When Italy broke its treaty with Nazi Germany and signed an agreement with the Allies in September 1943, Hitler’s army invaded parts of Italy’s northeast, including Trieste.

By October, southern Italy was under the control of the Allied forces. Everything else became part of the Italian Social Republic, a remnant of the fascist state headed by Benito Mussolini. Italy had been partitioned by various powers.
This is the moment when the Holocaust fully reached Italy. Mussolini proclaimed additional antisemitic measures, and by November 1943, all Jews in Italy were ordered to be arrested and sent to concentration camps.

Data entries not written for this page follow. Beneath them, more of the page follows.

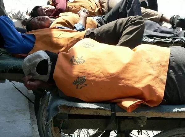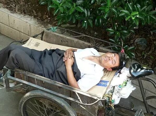 这是某市场里的搬运工,就这样在阶梯上睡着了,他们太累了!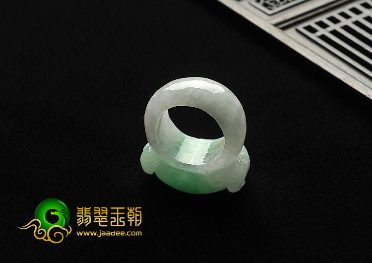 糯冰种翠色缅甸翡翠A货福在眼前指环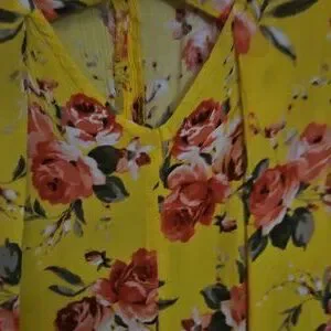 Gorgeous Anthro Umgee dress in the excellent condition. Bright yellow background with pink floral patterning. Long sleeved. Rear button closure. Bust measures 24 inches and the length from shoulder to hem is 34 inches. Very nice in a size 1X.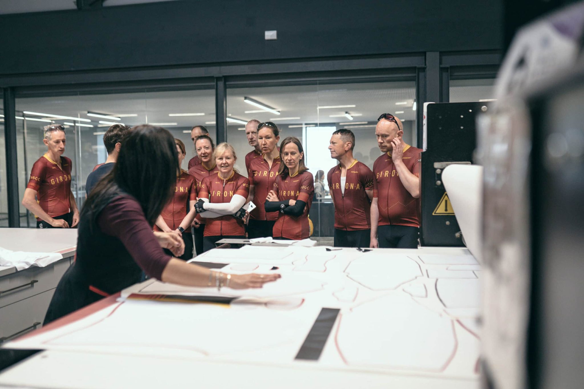 When I arrived in the morning the place was already buzzing with life and energy with production in full swing (they can manufacture 700 jerseys a day at maximum capacity). I was met by Francesc and Sergei, the aforementioned marketing team, and offered a coffee from The Broom Wagon, which is now stationed there, before we got on our way. We moved through the factory processes from customer services to the final quality checks and everything in between. It might not seem like a tour of a sports clothing factory would be the most thrilling day out but it was truly interesting to see the process that goes into making the kit and how each part of the production knits together. For example, I was impressed to discover that each garment (up to 300 a day) undergoes a manual quality check before leaving the factory and that the temperature to transfer the design from the paper to the material is 250°.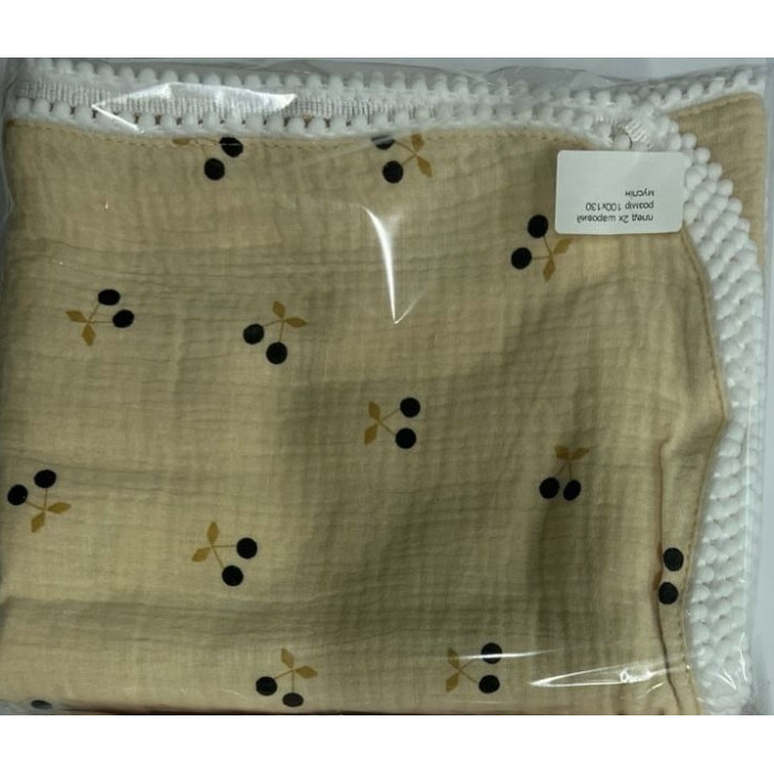 Мусліновий плед жатка 2 шари Вишні на Бежевому 130/100

Trieste belonged to Nazi Germany’s Operational Zone of the Adriatic Coastland. The Germans occupying Trieste had secret orders from Heinrich Himmler, Hitler’s commander-in-chief, to rid Italy of its Jewish population.
Parin’s Jewish ancestry – his “blood” and “race,” as antisemitic ideology proclaimed – led to his arrest on April 14, 1944, at his home on the via di Torre Bianca. His Swiss citizenship should have protected him, but it didn’t.

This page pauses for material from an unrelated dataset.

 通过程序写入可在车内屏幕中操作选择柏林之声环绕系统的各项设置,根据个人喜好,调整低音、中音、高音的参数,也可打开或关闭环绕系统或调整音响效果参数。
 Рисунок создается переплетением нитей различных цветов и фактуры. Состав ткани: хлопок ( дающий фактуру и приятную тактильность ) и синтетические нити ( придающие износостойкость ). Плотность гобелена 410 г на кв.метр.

The Gestapo targeted Parin because of his Jewish parents. No matter how much Parin might have thought of himself as Italian, Catholic, or Swiss, the Nazis considered him a Jew.
Trieste’s Detention Centers
Upon his arrest, Parin was first taken to the Risiera di San Sabba, a former rice refinery located near the synagogue. From 1944 onward, it served as a holding and transit camp for Jewish and political prisoners.
In March of that year, the Nazis also added a crematorium to the Risiera, the only one in Italy, to burn the bodies of those who died there. An estimated 3,000-5,000 people perished in this camp. In the spring of 1945, the Nazis blew up the crematory’s ovens and chimney stack.
24 hours after his arrest, Parin was moved to the Coroneo, Trieste’s municipal prison. The German Gestapo interrogated prisoners there, and it, too, functioned as a“holding station” where Jews from all over northern Italy were detained as they waited for deportation.
Transports took Jews from both detention centers to one of the many Nazi-run concentration, labor, and extermination camps. The Risiera’s records list at least 22 transports. Auschwitz, the extermination camp now located in Poland, was the main destination. Jews and political prisoners were also sent to Dachau near Munich, the Austrian labor camp of Mauthausen, and the women’s labor camp of Ravensbruck near Berlin.

From Trieste to the Fossoli di Carpi Transit Camp

When Parin was incarcerated in the Coroneo prison, Emile Bonzanigo, the Swiss Consul in Trieste, tried to negotiate his release by reminding the German Gestapo that Swiss citizens were exempt from arrest and property seizures.
On May 6, 1944, Bonzanigo visited Parin to tell him that he would be released soon. Three days later, the Swiss consulate in Trieste received a letter indicating that Parin had been sent by train to Switzerland and his confiscated property returned. By May 15, it was clear that something had gone wrong.
On May 26, Parin’s brother, Vittorio, reached out to the Swiss government for news. This is when the family learned that Parin had been sent to the Fossoli di Carpi prison-and-transit camp run jointly by Germans and Italians in the province of Modena. Among the Jewish prisoners in Fossoli di Carpi was Primo Levi, the author of well-known books about his survival in Auschwitz.
Swiss officials immediately tried to secure Parin’s release. By the time it was granted – on June 2, 1944 – Parin was no longer in Fossoli. On May 16, he had already been deported to Bergen-Belsen.